Set on the dairy's former loading dock, the newcomer wants to give an outlet to local food businesses and crafters.

Forin Cafe owners (from left) Will Landicho, Kyle Horne, and Seth Kligerman at the espresso machine. The cafe is part of a redevelopment of the old Harbisons dairy plant in Kensington.
Forin Cafe owners (from left) Will Landicho, Kyle Horne, and Seth Kligerman at the espresso machine. The cafe is part of a redevelopment of the old Harbisons dairy plant in Kensington.Read moreMICHAEL KLEIN / Staff

Seth Kligerman, Kyle Thorne, and Will Landicho aren’t billing Forin Cafe as a “coffee shop.”

It’s a “cafe and lifestyle hub,” set on two minimalist levels in the former loading dock of the old Harbisons dairy plant off Front Street in Kensington — now an 86-unit apartment building. The address is 2041 Coral St., but the entrance is on Dreer Street.

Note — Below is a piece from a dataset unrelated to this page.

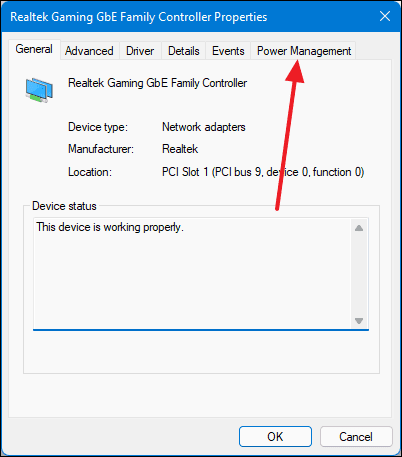 - Switch to the Power Management tab.

Where there are apartment-dwellers, there needs to be coffee.

Forin, partnering with Moonraker (which makes the house blend), Persimmon, and Triangle Roasters (which supplies a vegan chocolate bar), also sells kombucha from JamBru, baked goods from Darnel’s Cakes, Kismet Bagels, Amaranth Bakery, and Au Fournil, and honey from Honeybee Shoppe Apiary, as well as crafts and merchandise from other small, independent businesses — even minimalist garments and home goods from small producers, including the Corner Store, Wynnefield Candle Co., and Frunzi Ceramics.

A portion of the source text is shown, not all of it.